Biology » Chemical Foundation of Life » Atoms, Isotopes, Ions and Molecules: The Building Blocks

Hydrogen Bonds

Ionic and covalent bonds between elements require energy to break. Ionic bonds are not as strong as covalent, which determines their behavior in biological systems. However, not all bonds are ionic or covalent bonds. Weaker bonds can also form between molecules.

Two weak bonds that occur frequently are hydrogen bonds and van der Waals interactions. Without these two types of bonds, life as we know it would not exist. Hydrogen bonds provide many of the critical, life-sustaining properties of water and also stabilize the structures of proteins and DNA, the building block of cells.

Hydrogen Bond

When polar covalent bonds containing hydrogen form, the hydrogen in that bond has a slightly positive charge. This is because hydrogen’s electron is pulled more strongly toward the other element and away from the hydrogen.

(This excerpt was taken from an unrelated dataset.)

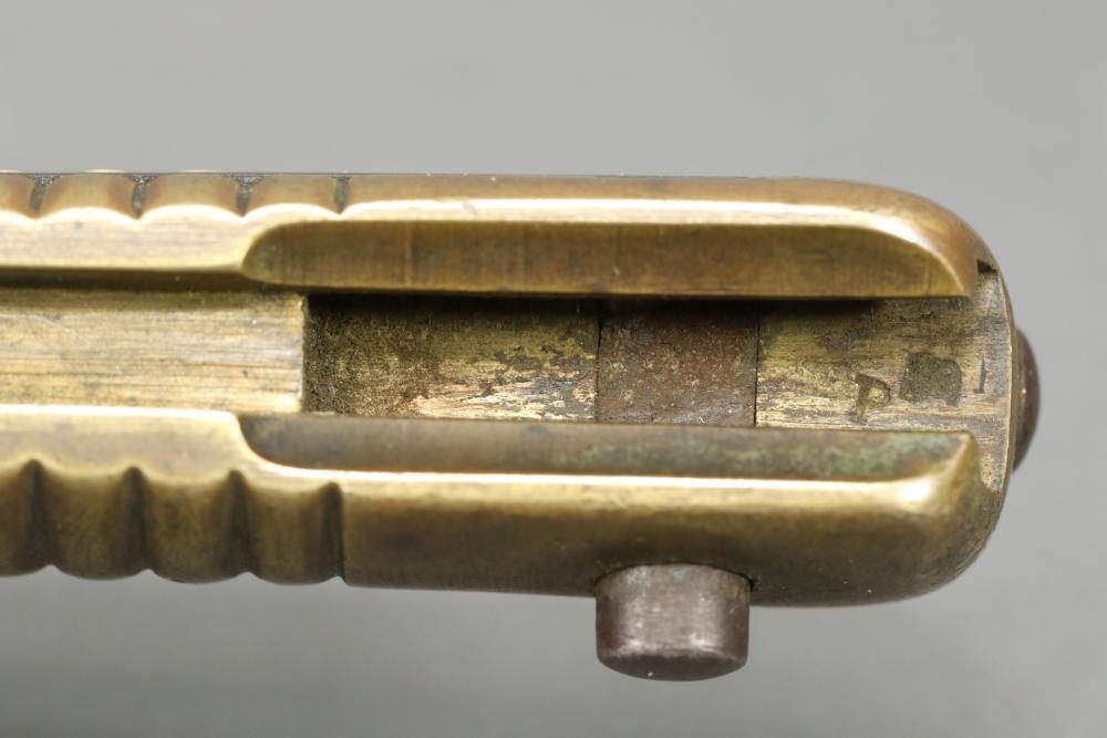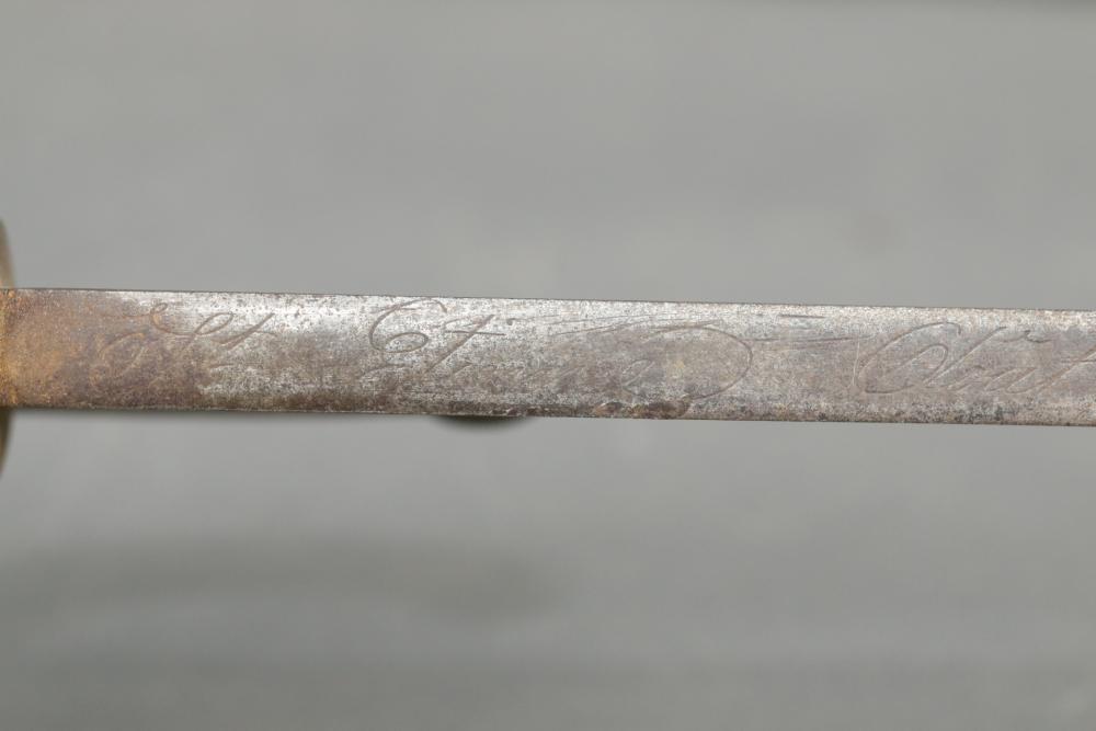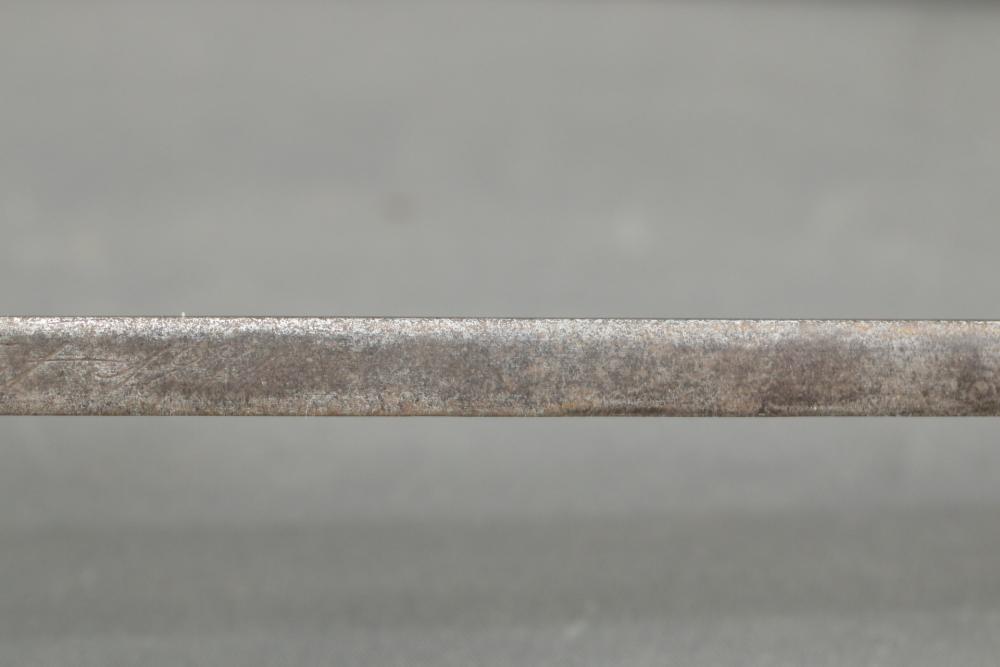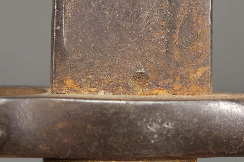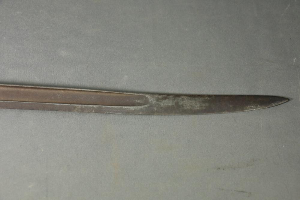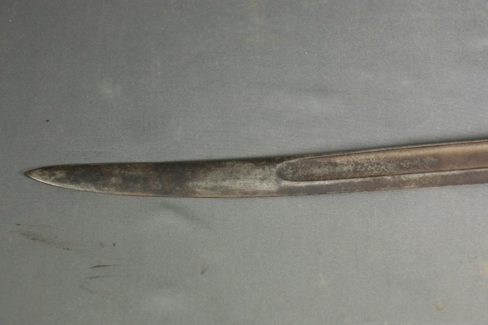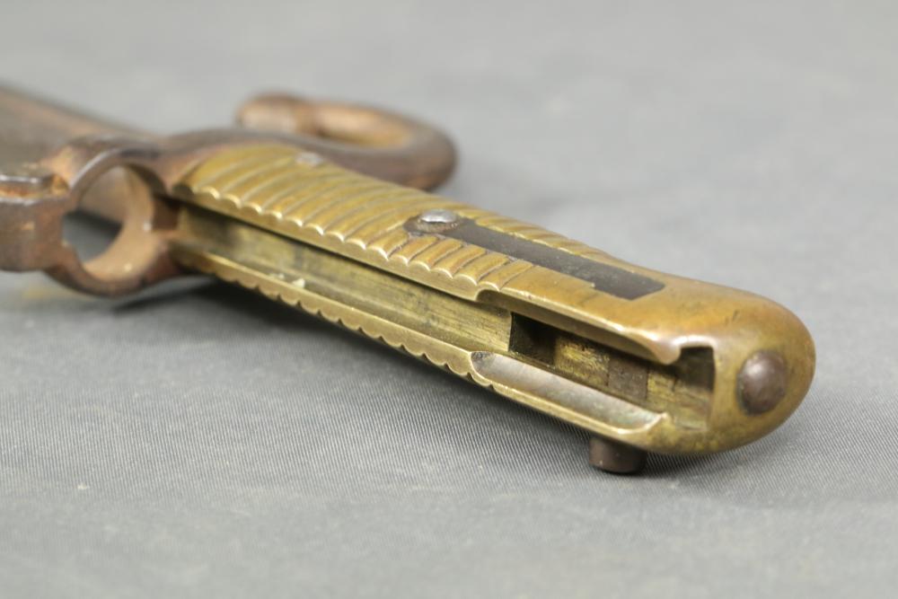 French Yataghan sword bayonet for M1866 Chassepot needle-fire rifle, having brass handle, ricasso marked with a "B" in a circle and an illegible marking next to it, cross guard with hallmarks and serial number 29808, spine marked appearing to read "St Etienne Glout(?) 1871", total length measuring 27.5"L.

Because the hydrogen is slightly positive, it is attracted to neighboring negative charges. When this happens, a weak interaction occurs between the δ+of the hydrogen from one molecule and the δ charge on the more electronegative atoms of another molecule, usually oxygen or nitrogen, or within the same molecule. This interaction is called a hydrogen bond.

hydrogen-bond

Simulation of hydrogen bonds in liquid water. Image Attribution: Thomas Splettstoesser via Wikimedia Commons (CC BY-SA 3.0 license)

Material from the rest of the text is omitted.